Cyber-physical testbed gives realistic platform for power grid security research
With the nation’s security and economic vitality in his sights, Manimaran Govindarasu is setting out to make the power grid infrastructure more resilient against evolving and continuous cyberattacks.
These attacks could result in anything from compromised data within utility companies to significant blackouts across the country.
“Our current power grid is designed to manage randomly occurring faults from things like devastating storms, but it doesn’t have the same capacity when it comes to malicious cyberattacks,” explains Govindarasu, Mehl Professor of Electrical and Computer Engineering.
Competing with these attacks and developing defensive and mitigative strategies requires a safe, realistic place to configure and simulate compromises to the grid. That environment is exactly what Govindarasu is creating with a cyber-physical security testbed.
The testbed, which integrates industry standard control software, communication protocols, and field devices combined with real-time power system simulators, provides an accurate representation of cyber-physical grid interdependencies.
Researchers, including faculty and graduate and undergraduate students, use the testbed to assess vulnerabilities and risks, analyze system impacts, and validate and evaluate countermeasures.
Govindarasu also incorporates the testbed into the coursework of a senior/graduate-level course on cybersecurity as well as in senior capstone design projects. Additionally, he offers the technology to outreach programs, giving people outside the university a chance for hands-on experience with power grid and cybersecurity.
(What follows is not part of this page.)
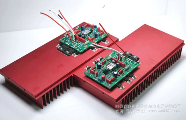 固定在散熱片上的放大線路因為簡單而且直立安裝所以反而不顯眼

“Not only are we studying the impact of these attacks, we are gaining insight into how to prevent them from happening in the first place,” Govindarasu says. “It’s a great opportunity for all those involved—the students get to learn technical skills, and their projects provide more data to incorporate into our research.”
The system he has created is unique on a university campus, but Govindarasu feels it’s the best place for such a technology.
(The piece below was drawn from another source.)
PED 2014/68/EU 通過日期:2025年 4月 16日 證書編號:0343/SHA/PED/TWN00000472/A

“We are uniquely positioned at Iowa State because we have strong industry-university collaborative programs in information assurance and power engineering. Taken together, we can incorporate all these ideas in one place and really start doing something about the problem,” he says.
While the testbed is operational, Govindarasu is working on enhancing it by scaling it up, federating it with complementary testbeds and adding remote access capability. These advancements require creative solutions, but they would also allow for more partnerships to form within the project.
“Other universities and national labs want to be able to access the testbed to run different scenarios and collect results. We want to create a web interface that would allow for this work and also add to the functionality of the technology,” he says.
The testbed was first funded by a strategic research initiative within the electrical and computer engineering department. Later, the college added funds when the project showed promise. Now, it has support from the U.S. National Science Foundation and in-kind donations.
“It has taken some time to develop a full system that functions so well, and it has been a synergistic group effort with my colleagues Dr. Ajjarapu and Dr. Jacobson and our students,” Govindarasu says. “We definitely have more work and collaborating to do, but it’s exciting to be part of something that is so timely and can have such an important impact.”